Deutschland diskutiert seit Tagen über Merz' "Stadtbild"-Aussage. Auch in den Niederlanden ist Migration ein Top-Thema. Dabei kommt mir zumindest in Amsterdam das Stadtbild noch bunter vor als in deutschen Städten. Wäre so eine "Stadtbild"-Debatte in den Niederlanden auch vorstellbar?
Wenn man beispielsweise über Bahnhofsvorplätze reden würde, wäre das in den Niederlanden auch ein Thema. In Utrecht und anderen Städten gibt es ein Problem. Dort gibt es mehrere Dutzend geflüchtete junge Männer, die in Bahnhofsnähe für Unruhe und Kriminalität sorgen. Das könnte auch in den Niederlanden eine größere Debatte werden.
Top-Thema im Wahlkampf ist aber der Wohnungsbau. In Deutschland ist die Bürokratie eines der größten Probleme. Sind die Niederländer etwa noch bürokratischer als die Deutschen?

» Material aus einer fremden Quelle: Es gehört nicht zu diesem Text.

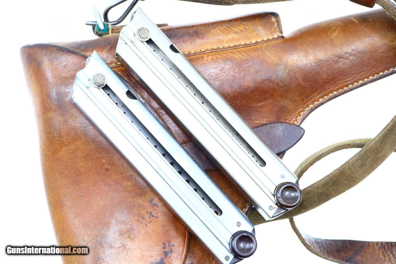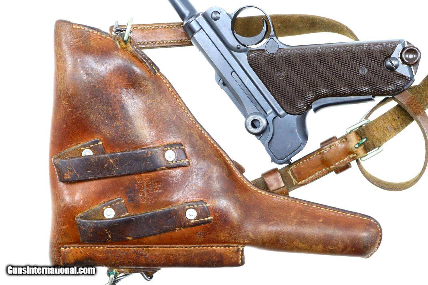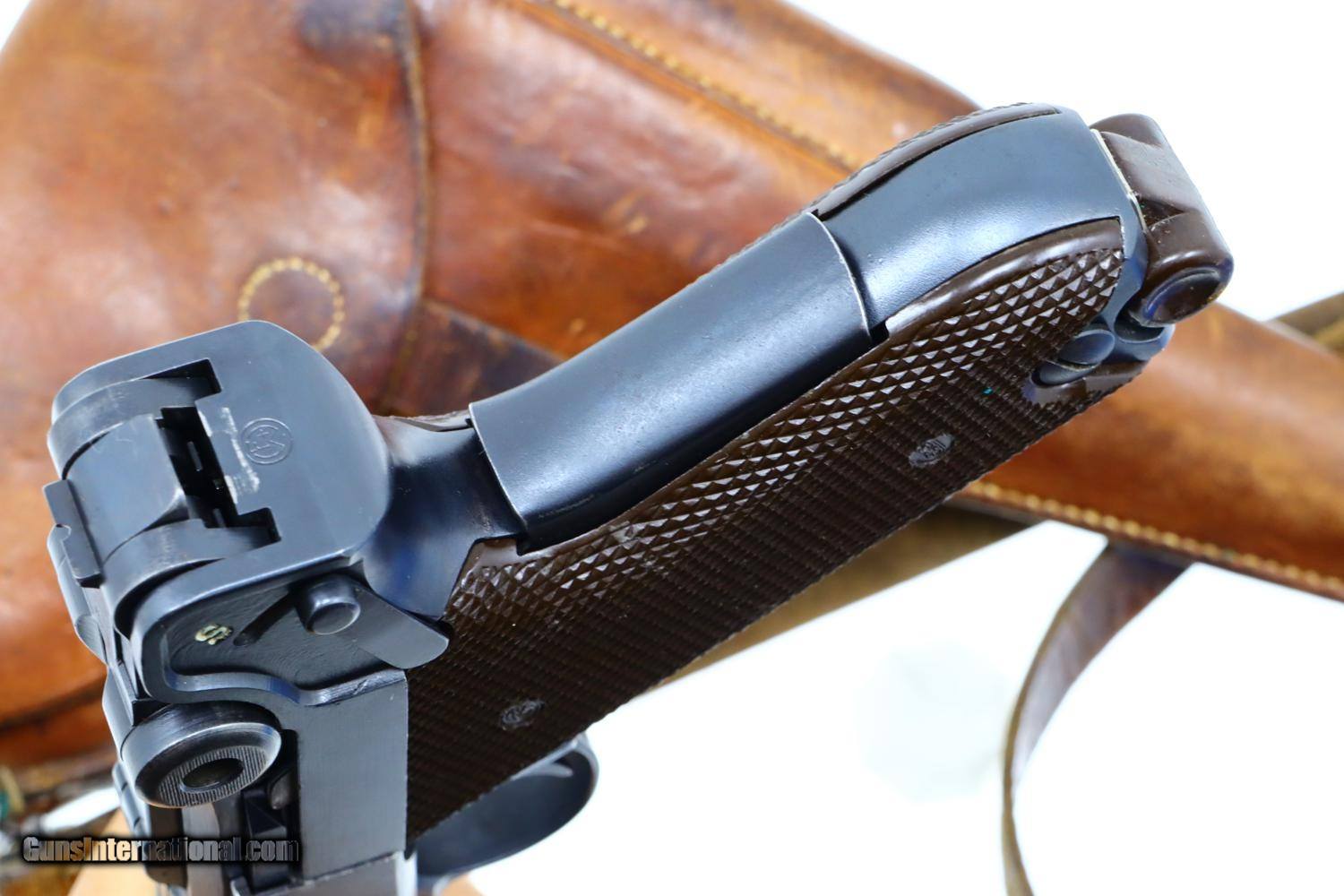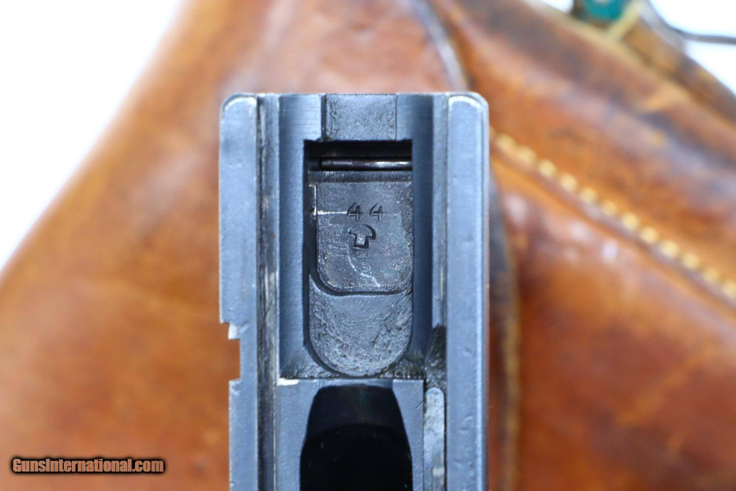 Description: Standard 4.75” barrel with drift adjustable front sight and fixed rear sight. Full matching serial number on barrel, left rail, and rear toggle link with last three digits repeated on sideplate and receiver lug. All small parts with usual inspector markings. Forward frame recess marked "44" reflecting production 1944, month not specified. W/F logo on back of frame. Uniformly checkered chocolate brown plastic grips, each panel molded with an encircled "W/F" logo. Original primary and spare magazine, both with matching colored plugs. Original holster, dated 39, with shoulder strap. Synopsis: Bern, Swiss, 1929 Luger, Military Rig, 73112, I-157 Condition: Near excellent original matte finish with sharp edge wear as photographed. Crisp grips with sharply molded checkering, no discernible losses. Excellent magazines. Mirror bore. Perfect manual mechanics. VG holster and strap. An extremely attractive example of the Swiss M1929 Bern Luger with chocolate brown grips, this example assembled in late WWII. ~~Insured shipping fee of $55; most packages shipped using FedEx 2nd Day.~~ SOLD Curio/Relic: Yes Manufacturer: Bern Serial Number: 73112 Caliber Info: 7.65 Para |

Kern des Problems ist Stickstoff und richterliche Beschlüsse, dass der Ausstoß reduziert werden soll. Weil die bisherige Koalition mit der BBB die Viehhaltung nicht verringern wollte, wurden andere Sektoren getroffen, an erster Stelle die Bauwirtschaft. Es darf weniger gebaut werden, was die Preise im Wohnungsbau nach oben treibt. Das ist eine der Blockaden, die die neue Regierung durchbrechen muss. Seit kurzem ist auch Gesundheit und Pflege ein Top-Thema. Da punktet das rot-grüne Bündnis, weil sie dafür mehr Geld ausgeben würden. Das könnte noch wichtiger als der Wohnungsbau werden.
Manchmal wirkt es so: Blickt man in die Niederlande, sieht man auch die Zukunft Deutschlands - ein zersplittertes Parteiensystem, starke Rechtspopulisten sind nur zwei Beispiele. Ist da was dran?
Die Niederlande waren immer ein Handelsland und dadurch sehr weltoffen. So kommen kulturelle und politische Trends bei uns schneller an. In den Niederlanden hatten wir auch nie eine Diktatur. Daher hat das politische System weniger Puffer eingebaut, denken Sie an die Fünfprozenthürde. Das Parteiengesetz ist regelrecht naiv. Dass Wilders mit seiner Ein-Mann-Partei so viel Macht organisieren kann, ist für eine Demokratie eigentlich verheerend. Aber Deutschland ist heute auch moderner und weltoffener als vor zwanzig Jahren. Da brauchen manche Trends nicht mehr die Übersetzung durch die Niederlande, bevor sie in Deutschland landen.